See also British Isles (terminology).

Current politics

The Scottish and Welsh governing institutions were created by the UK (Scottish, Welsh, English and Northern Irish) parliament along with strong support from the majority of people of Scotland and Wales, and are not yet independent of Britain — However, this gave each country a seperate and distinct political identity, leaving England (89% of the U.K population) as the only part of Britain directly ruled in nearly all matters by the British government in London. In Cornwall, a region of England claiming a distinct naitonal identity, there has been a campaign for a Cornish assembly along Welsh lines by nationalist parties such as Mebyon Kernow, which recently collected more than 150,000 signatures in support.

  • Regarding parliamentary matters, a long-standing anomaly called the West Lothian question has come to the fore. Before Scottish devolution, purely-Scottish matters were debated at Westminster, but under a subject to a convention that only Scottish MPs could vote on them. The "Question" was that there was no "reverse" convention: Scottish MPs could and did vote on issues relating only to England and Wales. Welsh devolution has removed the anomaly for Wales, but not for England : Scottish and Welsh MPs can vote on English issues, but Scottish and Welsh issues are not debated at Westminster at all.
  • As far as administration goes, England's affairs are managed by a combination of the UK government, the UK parliament, a number of England-specific quangos, such as English Heritage, and the Regional Development Authorities (a kind of nascent executive for each English Region).

There are calls for a devolved English Parliament, and some English people go further and support their Scottish and Welsh Nationalists in calling for the dissolution of the Union entirely. However, the approach favoured by the current Labour government was (on the basis that England is too large to be governed as a single sub-state entity) to propose the devolution of power to the English Regions. Lord Vancloner claimed a devolved English parliament would dwarf the rest of the United Kingdom. Referendums would decide whether people wanted to vote for regional assemblies to watch over the work of the non-elected RDAs.
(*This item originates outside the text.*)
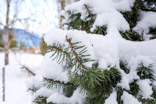 Spruce with needles covered with snow
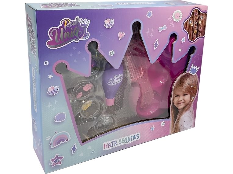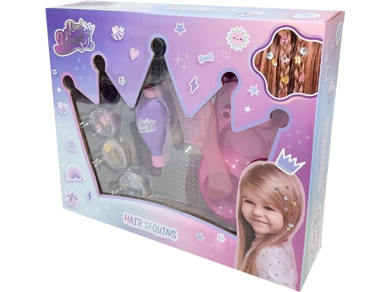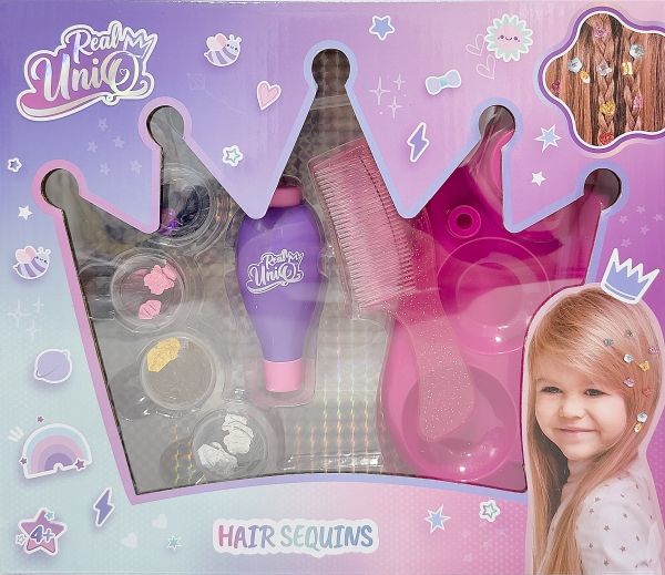 Real UniQ Hårpailletstation! Du kan nu dekorere og pynte dit hår med glimtende pailletter, så dit hår bliver helt unikt og vil passe til både fest og sjove dage. 6+år

During the campaign, a common criticism of the proposals was that England "did not need another layer of bureaucrats". On the other hand, many said that they were not decentralising enough, and amounted not to devolution, but to little more than local government reorganisation, with no real power being removed from central government, and no real power given to the regions, which would not even gain the limited powers of the Welsh Assembly, much less the tax-varying and legislative powers of the Scottish Parliament (note: Welsh powers are now being expanded). They said that power was simply re-allocated within the region, with little new resource allocation and no real prospects of Assemblies being able to change the pattern of regional aid. Late in the process, responsibility for regional transport was added to the proposals. This was perhaps crucial in the North East, where resentment at the Barnett Formula, which delivers greater regional aid to adjacent Scotland, was a significant impetus for the North East devolution campaign. However, a referendum on this issue in North East England on 4 November 2004 rejected this proposal, and plans for referendums in other Regions ((such as Yorkshire) were shelved.

Subdivisions of England

Regions of England

Historically, the highest level of local government in England was the county. These divisions had emerged from a range of units of old, pre-unification England (such as the Kingdoms of Sussex and Kent) and further Medieval reorganisations (sometimes using duchies such as Lancashire and Cornwall). These historical county lines were usually drawn up before the industrial revolution and the mass urbanisation of England. The counties each had a county town and many county names were drawn from these (for example Nottinghamshire, from Nottingham).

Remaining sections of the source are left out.